Melihat kaumnya membela dirinya yang memang berada pada posisi yang benar, Rabi’ah justru khawatir. Katanya, “Tahukah kalian siapa dia? Dia itu Abu Bakar Ash-Shidiq. Dia itu satu-satunya orang yang menemani Rasulullah shallallahu ‘alaihi wa salam dalam gua. Dia itu sesepuh kaum muslimin. Bubarlah kalian dariku. Jangan sampai dia menoleh kepadaku lalu ia melihat kalian membantuku melawannya. Jika ia marah lalu mendatangi Rasulullah shallallahu ‘alaihi wa salam, maka Rasulullah shallallahu ‘alaihi wa salam akan marah karena kemarahannya, akibatnya Allah akan marah karena kemarahan beliau berdua. Jika hal itu terjadi, binasalah Rabi’ah!”
“Apa yang engkau perintahkan kepada kami?” tanya mereka.
“Kembalilah kalian, biar hal ini aku saja yang mengurusnya,” jawab Rabi’ah.
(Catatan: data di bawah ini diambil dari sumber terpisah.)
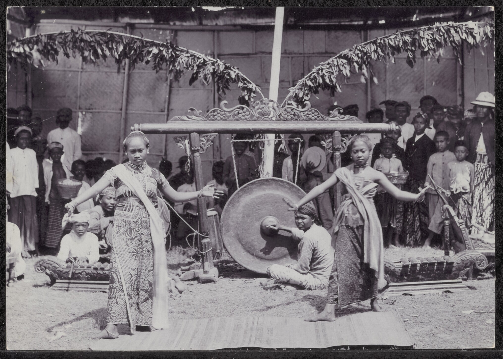 Twee danseressen begeleid door een gamelanorkest op ...

Abu Bakar Ash-Shidiq mendatangi Rasulullah shallallahu ‘alaihi wa salam dan aku menyusul di belakangnya. Di hadapan beliau, Abu Bakar Ash-Shidiq menceritakan apa yang telah terjadi di antara kami. Mendengar ceritanya, beliau mengangkat mukanya kepadaku dan bertanya, “Wahai Rabi’ah, ada masalah apa antara engkau dengan Abu Bakar Ash-Shidiq?”
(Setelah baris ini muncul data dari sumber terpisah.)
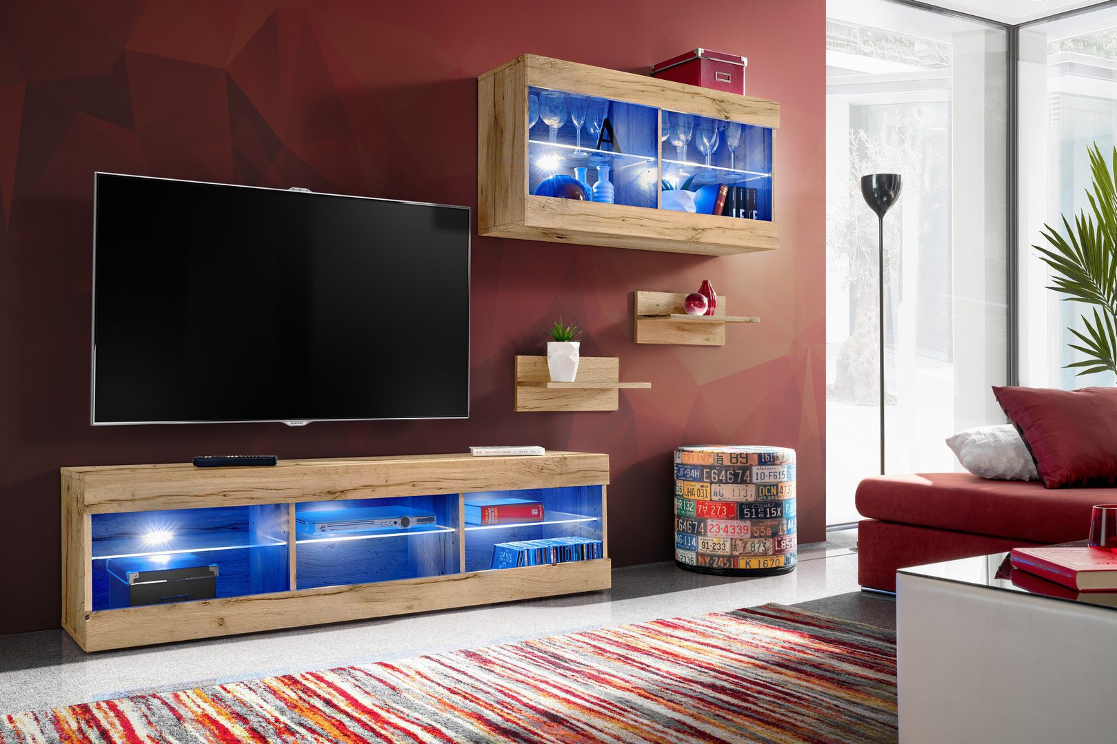 Komodee, Zestaw, Meblościanka, Tivoli SET3, Wotan/Wotan, Szerokość 240cm x Wysokość 159cm x Głębokość 35cm, LED Niebieskie, do Salonu, Sypialni

Aku terpaksa menceritakan apa adanya. Kataku, “Wahai Rasulullah, tadi terjadi begini dan begitu. Lalu Abu Bakar mengatakan kepadaku sepatah kalimat yang ia sendiri tidak menyukainya. Maka ia menyuruhku untuk mengucapkan kalimat yang sama kepadanya, agar menjadi balasan yang setimpal terhadapnya. Tapi aku tidak mau.”
Mendengar jawabanku, Rasulullah shallallahu ‘alaihi wa salam tersenyum gembira. Beliau bersabda,
أَجَلْ فَلَا تَرُدَّ عَلَيْهِ، وَلَكِنْ قُلْ: غَفَرَ اللهُ لَكَ يَا أَبَا بَكْرٍ
“Ya, sudah tepat apa yang engkau lakukan. Jangan membalasnya dengan ucapan serupa. Tapi katakanlah: Semoga Allah mengampuninu, wahai Abu Bakar.”
Mendengar nasehat beliau itu, aku pun mengucapkan: “Semoga Allah mengampuninu, wahai Abu Bakar.”
Tangisan Abu Bakar Ash-Shidiq meledak saat mendengar ucapanku itu. Ia segera merangkulku dan meminta maaf kembali. (HR. Ahmad no. 16577, Ath-Thayalisi no. 1173-1174, Ath-Thabarani no. 4577-4578 dan Al-Hakim no. 2718)
Saudaraku seislam dan seiman…
Subhanallah, begitulah sikap orang-orang bertakwa ketika mereka tengah berselisih. Abu Bakar Ash-Shidiq secara tidak sengaja keseleo lidah sehingga mengeluarkan kata-kata yang kasar kepada saudaranya. Ia sangat menyesal atas ucapan itu. Satu-satunya perkara yang ia pikirkan adalah meminta maaf kepada saudaranya dan menerima balasan perkataan kasar serupa demi menghapuskan kesalahannya. Saat saudaranya tidak mau membalas ucapan kasarnya, maka ia justru melapor kepada Rasulullah shallallahu ‘alaihi wa salam, semata-mata agar beliau memerintahkan saudaranya tersebut mengucapkan balasan kata yang kasar sebagai penghapus dosanya. Perkara pohon korma yang diperdebatkan itu sudah tidak ia pedulikan lagi.
Adapun saudaranya menunjukkan sikap yang tidak kalah mulianya. Ia bersabar dan memaafkan kata kasar saudaranya. Ia tidak membalasnya dengan kata-kata kasar, padahal saudaranya sendiri yang telah menyuruhnya, bahkan meminta bantuan Rasulullah shallallahu ‘alaihi wa salam. Ketika orang-orang yang satu suku dengannya hendak membelanya, ia tidak mau. Ia justru menyuruh mereka bubar. Ia takut Allah dan Rasul-Nya marah kepadanya, lantaran kemarahan Abu Bakar Ash-Shidiq kepadanya. Ia menghormati kedudukan mulia Abu Bakar Ash-Shidiq di sisi Allah dan Rasul-Nya.
Nasehat yang diajarkan Rasulullah shallallahu ‘alaihi wa salam kepada Rabi’ah juga sangat luar biasa. Tidak membalas ucapan kasar dengan ucapan kasar serupa, bahkan mendoakannya agar kekhilafannya diampuni oleh Allah Ta’ala.
Betapa mulianya akhlak mereka. Segera meminta maaf dengan sungguh-sungguh kepada saudara muslim saat ia berbuat keliru, bahkan rela menanggung balasannya semata-mata agar kesalahannya diampuni Allah dan dimaafkan saudaranya. Memaafkan saudaranya yang berbuat keliru, tidak membalas kekeliruannya dengan kekeliruan yang sama, bahkan memintakan ampunan Allah atas kekeliruannya. Semoga kita bisa meneladaninya dan menjadikannya sebagai akhlak pergaulan hidup kita dengan sesama umat Islam.